So what do you think: do the compactness and reduced repetition justify this despite the ugliness and the potential drawbacks?
Never put open or close {} inside macros. C programmers are not used to this so code gets difficult to read.
In your case this is even completely superfluous, you just don't need them. If you do such a thing do
FOR3D(I, J, K, ISIZE, JSIZE, KSIZE) \
for (size_t I=0; I<ISIIZE, I++) \
for (size_t J=0; J<JSIZE, J++) \
for (size_t K=0; K<KSIZE, K++)
no need for a terminating macro. The programmer can place the {} directly.
Also, above I have used size_t as the correct type in C for loop indices. 3D matrices easily get large, int arithmetic overflows when you don't think of it.
If these 3D arrays are “small”, you can ignore me. If your 3D arrays are large, but you don't much care about performance, you can ignore me. If you subscribe to the (common but false) doctrine that compilers are quasi-magical tools that can poop out optimal code almost irrespective of the input, you can ignore me.
You are probably aware of the general caveats regarding macros, how they can frustrate debugging, etc., but if your 3D arrays are “large” (whatever that means), and your algorithms are performance-oriented, there may be drawbacks of your strategy that you may not have considered.
First: if you are doing linear algebra, you almost certainly want to use dedicated linear algebra libraries, such as BLAS, LAPACK, etc., rather than “rolling your own”. OpenBLAS (from GotoBLAS) will totally smoke any equivalent you write, probably by at least an order of magnitude.
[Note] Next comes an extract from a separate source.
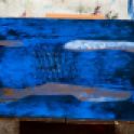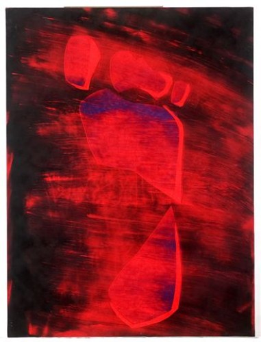 Megint máskor bársonyos felületekre fest, kihasználva ennek az anyagnak a különleges fényelnyelő és -visszaverő hatását. Így azon a festményén is, melyen haldokló apjától búcsúzik: a képen egy vörösen izzó lábnyom látható alulnézetből.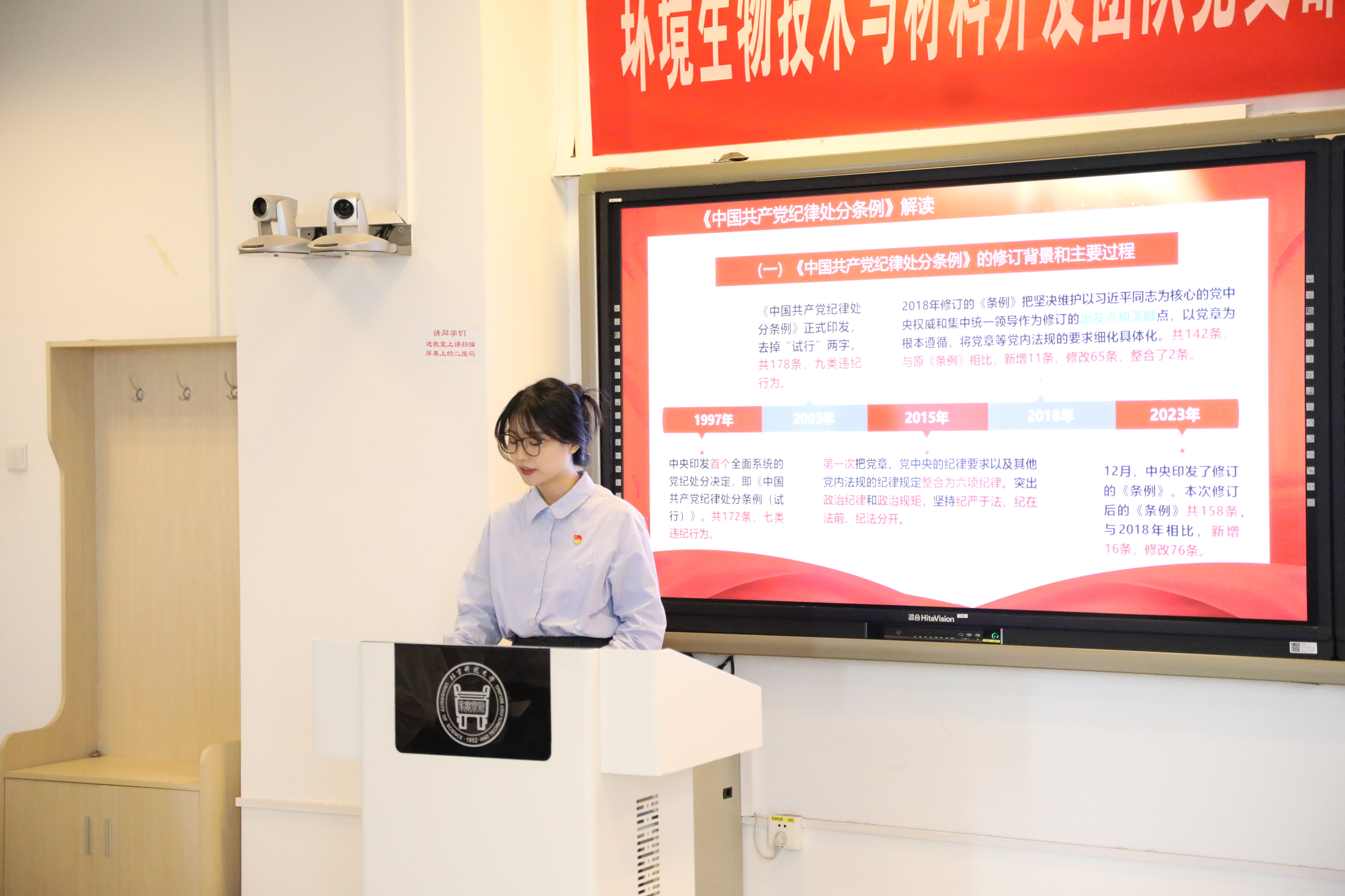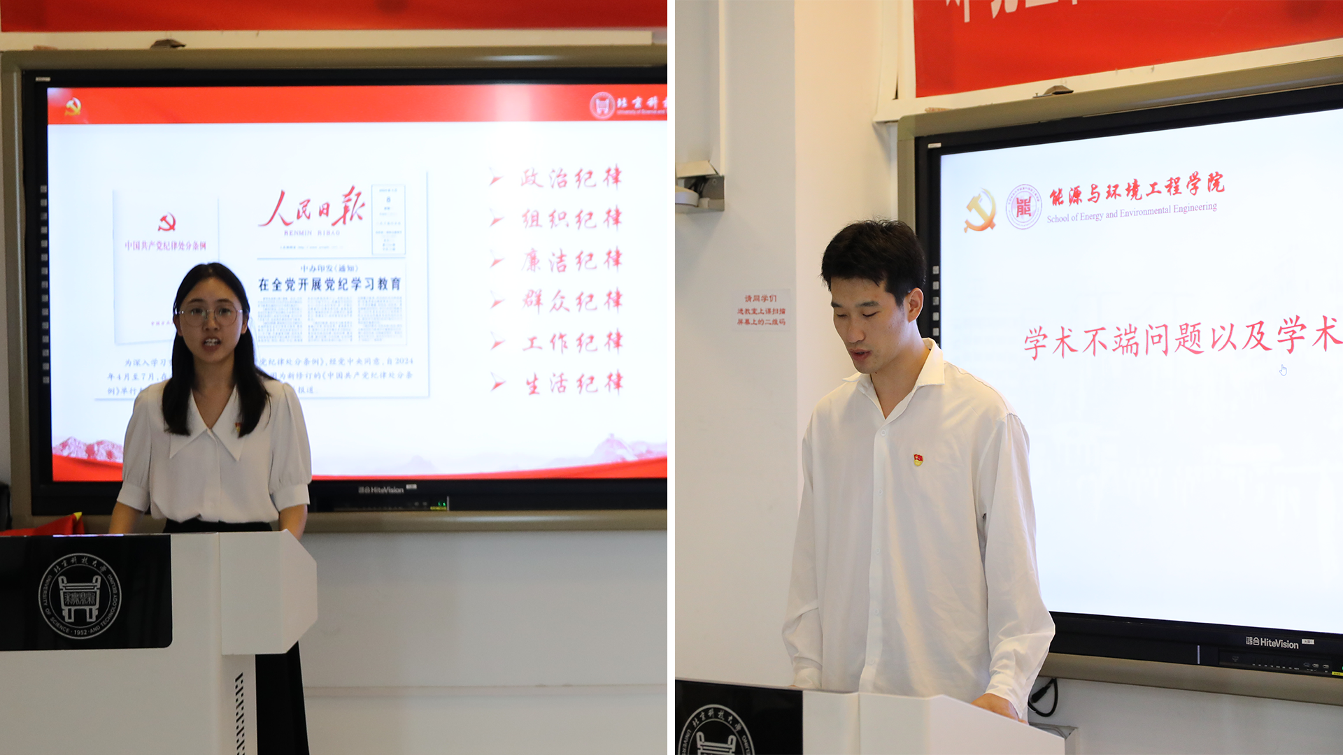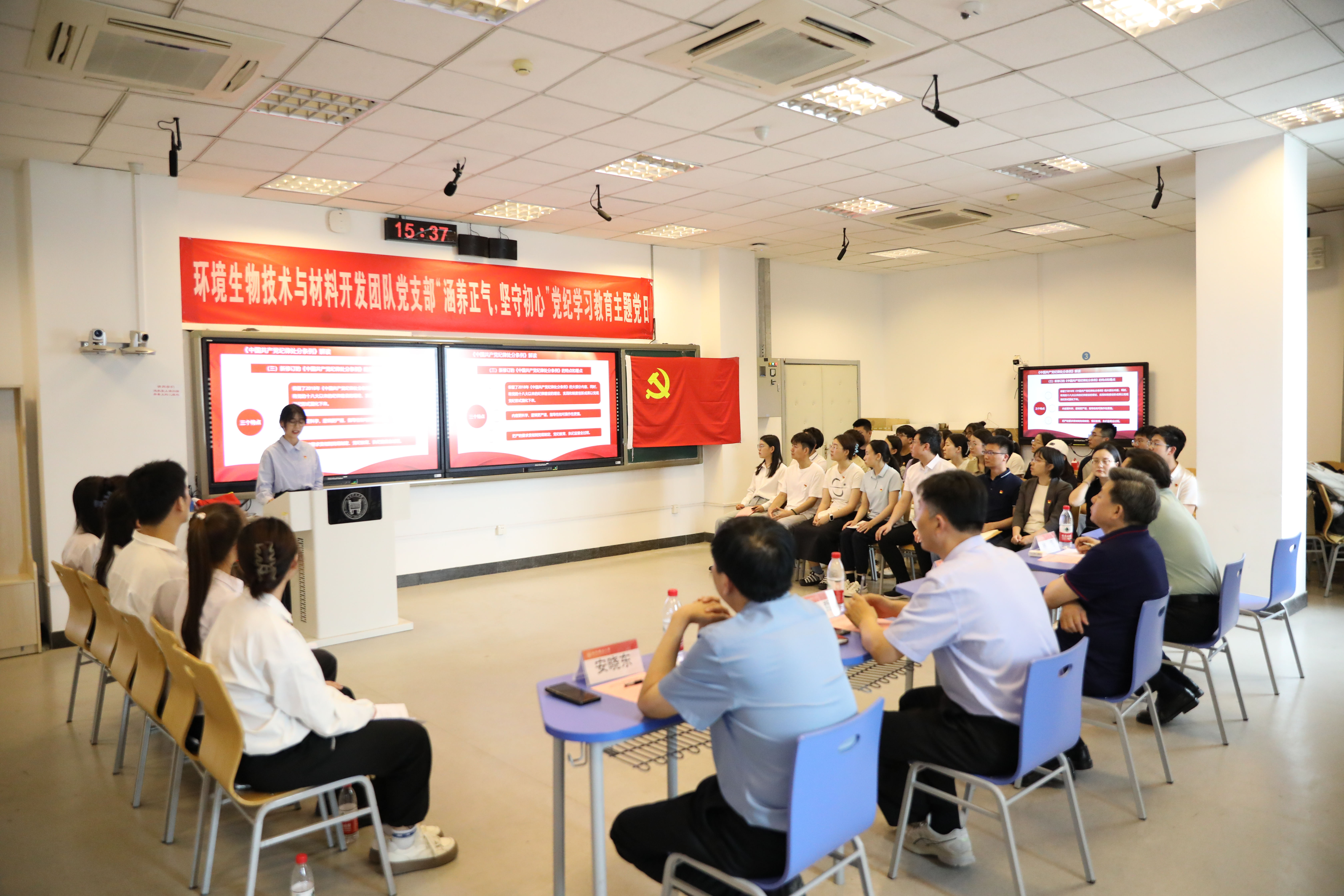 支部党员罗玉秋和谢吉泉分别分享了涉及环保领域和研究生学术科研的《条例》内容,结合近年来发生的典型案例,详细剖析了违反纪律的行为及其后果,使全体党员深刻认识到自觉在专业领域和学术活动中遵守纪律的重要性和必要性。

This is doubly true if your matrices are sparse and triply true if your matrices are sparse and structured (such as tridiagonal).
Second: if your 3D arrays represent Cartesian grids for some kind of simulation (like a finite-difference method), and/or are intended to be fed to any numerical library, you absolutely do not want to represent them as C 3D arrays. You will want, instead, to use a 1D C array and use library functions where possible and perform index computations yourself (see this answer for details) where necessary.
Third: if you really do have to write your own triple-nested loops, the nesting order of the loops is a serious performance consideration. It might well be that the data-access pattern for ijk order (rather than ikj or kji) yields poor cache behavior for your algorithm, as is the case for dense matrix-matrix multiplication, for example. Your compiler might be able to do some limited loop exchange (last time I checked, icc would produce reasonably fast code for naive xGEMM, but gcc wouldn't). As you implement more and more triple-nested loops, and your proposed solution becomes more and more attractive, it becomes less and less likely that a “one loop-order fits all” strategy will give reasonable performance in all cases.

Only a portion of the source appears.